Cette distinction est fondamentale. Dans une République organisée par une Constitution, le Parlement ne dispose pas d’un pouvoir législatif sans limites.
Il vote les lois dans les matières que la Constitution lui attribue. À côté du domaine de la loi existe celui du règlement, qui relève du pouvoir exécutif.
Le gouvernement soutenait précisément que certaines dispositions de la proposition de loi sur les crédits spéciaux empiétaient sur ce domaine réglementaire, en invoquant les articles 67 et 76 de la Constitution. Face au désaccord entre l’Exécutif et l’Assemblée nationale, le Premier ministre a donc utilisé la procédure prévue par l’article 83, alinéa 2, afin que le Conseil constitutionnel tranche le conflit de compétence.
Autrement dit, il ne s'agissait pas, pour les juges constitutionnels, de choisir entre la transparence et l'opacité, ni entre le Gouvernement et l'Assemblée nationale. Il s'agissait de déterminer si la voie juridique empruntée par les députés était conforme à la Constitution. La nuance peut paraître technique ; elle est pourtant essentielle. Dans un État de droit, même une cause légitime doit être poursuivie par les moyens que la Constitution autorise.
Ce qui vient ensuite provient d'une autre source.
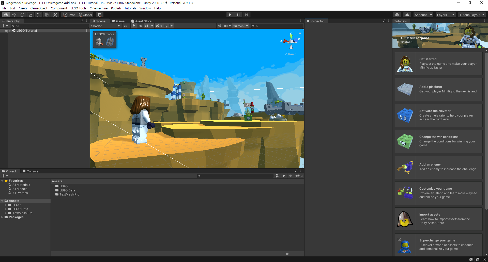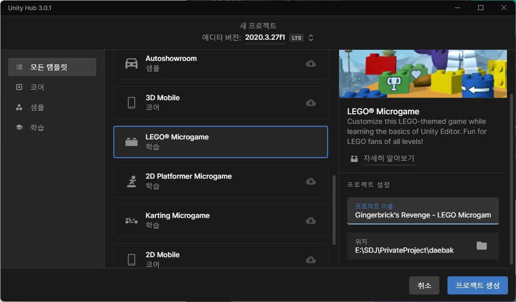 먼저 유니티 2020.3.27f1 버전 LEGO Microgame프로젝트를 생성합니다.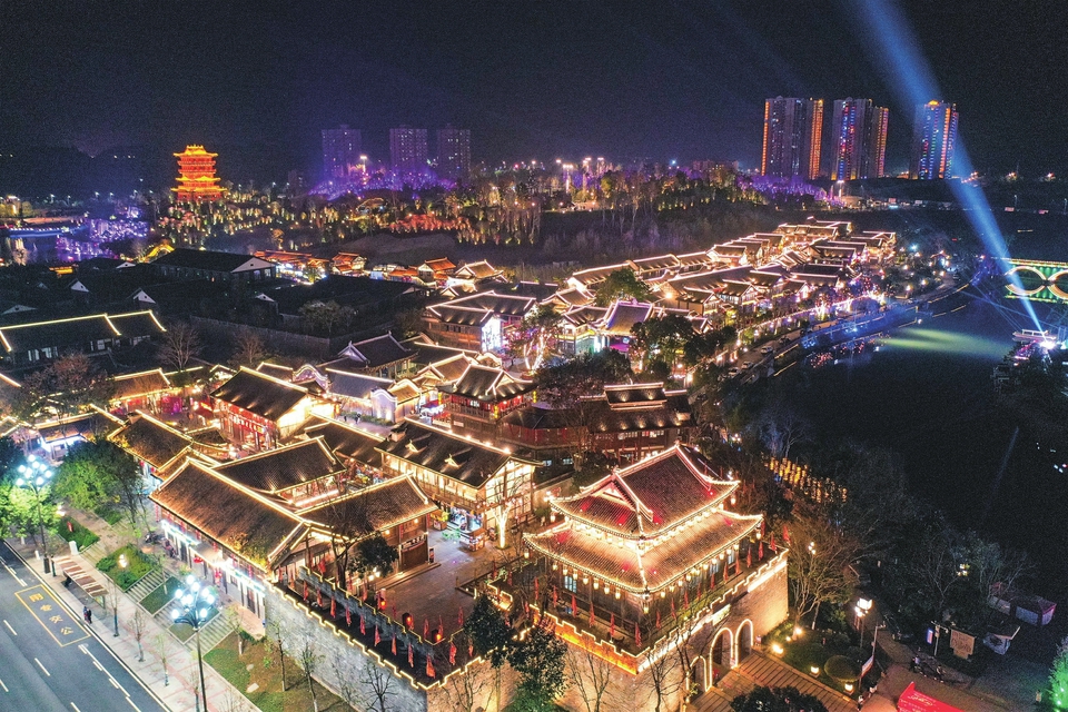 2月3日,昌州古城璀璨的夜景灯饰。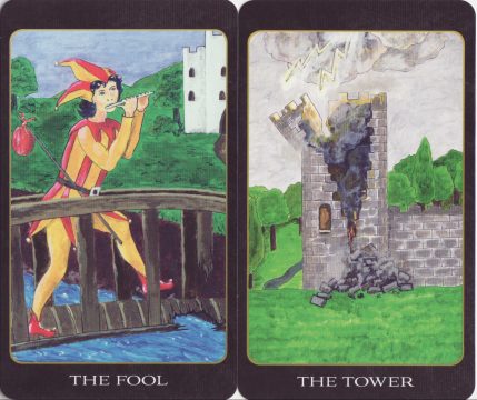Three Rabbits Tarot by Paul Antcliffe, Self-published, 2006. Created in a low res computer drawing program. Published in a number of different versions. With paperback book. 78 cards 71x50mm.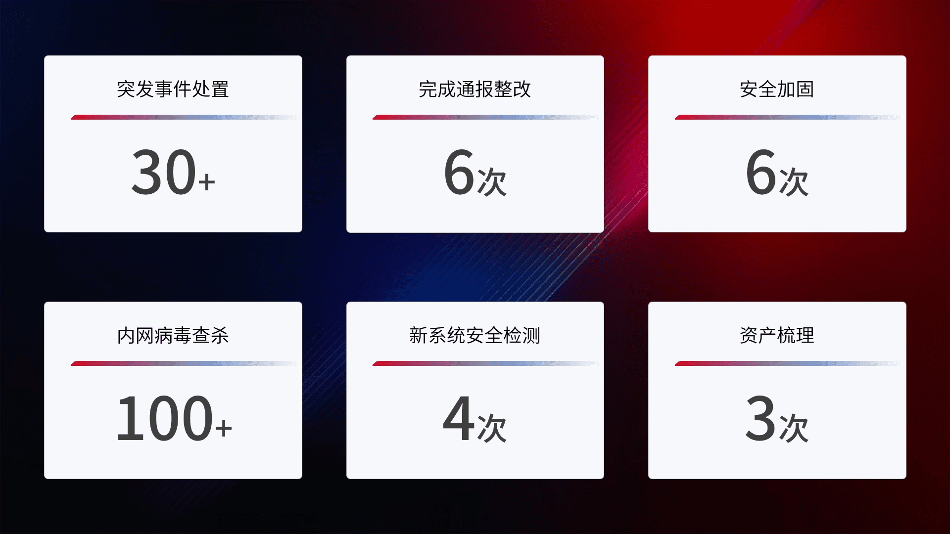 网络安全加固与风险管理:通过技术加固手段,,,如加强区域隔离,,,缩减攻击内网横向移动的范围;优化现有网络安全管理制度,,降低网络威胁暴露面,,,减少被黑客攻击的可能性。。
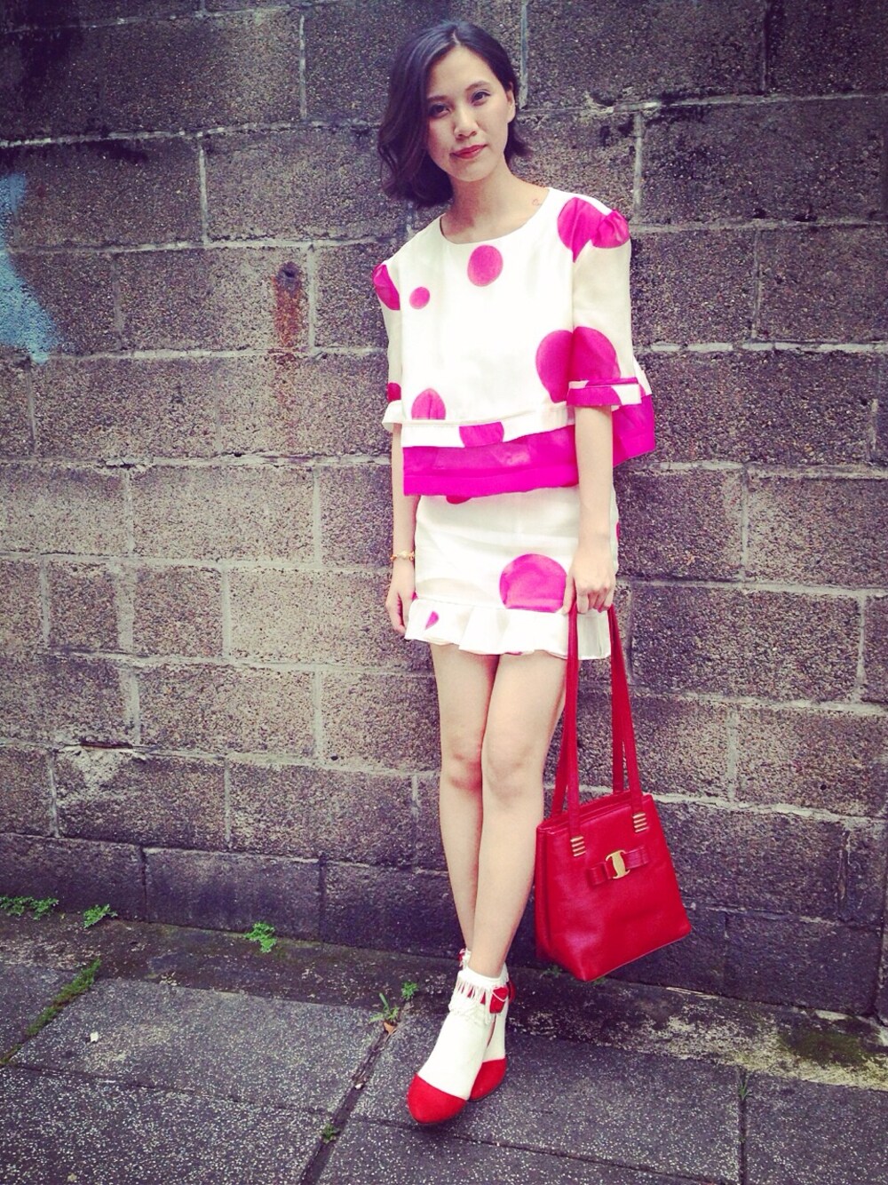 オレンジ系のパンプスを着用したレディースの夏コーディネートの1枚目の写真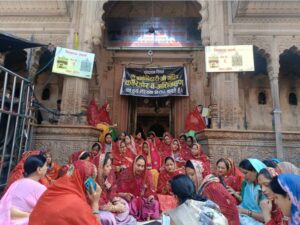 मथुरा-वृंदावन: बांके बिहारी मंदिर कॉरिडोर और अध्यादेश के खिलाफ 64वें दिन भी विरोध, गोस्वामी और व्यापारी महिलाओं ने किया प्रदर्शन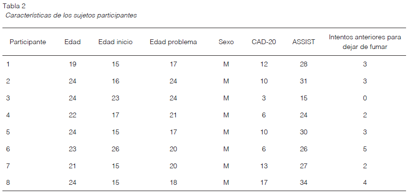 En las características de la muestra se encontró una edad promedio de 22.6 años de edad; edad de inicio de consumo X = 17.7; edad problema X = 20.12; intentos de dejar el consumo X = 2.75. Respecto al nivel de problemas asociados al consumo de mariguana de acuerdo con el CAD-20 un participante reportó nivel bajo, cuatro reportaron nivel moderado, dos con nivel sustancial y uno con nivel severo. De acuerdo con el ASSIST sobre el nivel de intervención, tres participantes reportaron intervención breve y cinco requirieron intervención intensiva (ver Tabla 2).

C’est précisément ce qui explique la portée de la décision. La proposition de loi avait été adoptée en commission avant d’être inscrite à l’ordre du jour de la séance plénière du 19 août. Le Gouvernement, estimant que certaines de ses dispositions relevaient du pouvoir réglementaire, avait opposé une fin de non-recevoir. Le désaccord ayant persisté, le recours devant le Conseil constitutionnel est devenu le mécanisme prévu par la Constitution pour départager les institutions. La procédure parlementaire a alors été suspendue dans l’attente de la décision.
Pour le citoyen qui observe cette controverse avec perplexité, une question demeure légitime : pourquoi le Parlement ne pourrait-il donc pas encadrer les fonds spéciaux ? La réponse est plus subtile qu’un simple oui ou non. Le Parlement peut légiférer dans son domaine de compétence, contrôler l’action du Gouvernement et participer à la définition des règles relatives aux finances publiques.
Mais il ne peut, sous couvert de législation, intervenir dans une matière que la Constitution réserve au pouvoir réglementaire. La frontière entre les deux pouvoirs n’est pas un détail administratif : elle constitue l’un des mécanismes essentiels de l’équilibre institutionnel.
Il faut également comprendre ce que recouvrent ces fameux « fonds spéciaux », expression qui alimente depuis longtemps les interrogations du public. Il s’agit de crédits budgétaires bénéficiant d’un régime particulier, notamment en raison de la nature de certaines dépenses auxquelles ils peuvent être affectés.
Leur existence n’implique donc pas, en elle-même, qu’il s’agisse d’argent personnel du chef de l’État ou de ressources soustraites par principe à toute règle. Le véritable enjeu réside plutôt dans les modalités de leur utilisation, de leur justification et du contrôle auquel ils peuvent être soumis.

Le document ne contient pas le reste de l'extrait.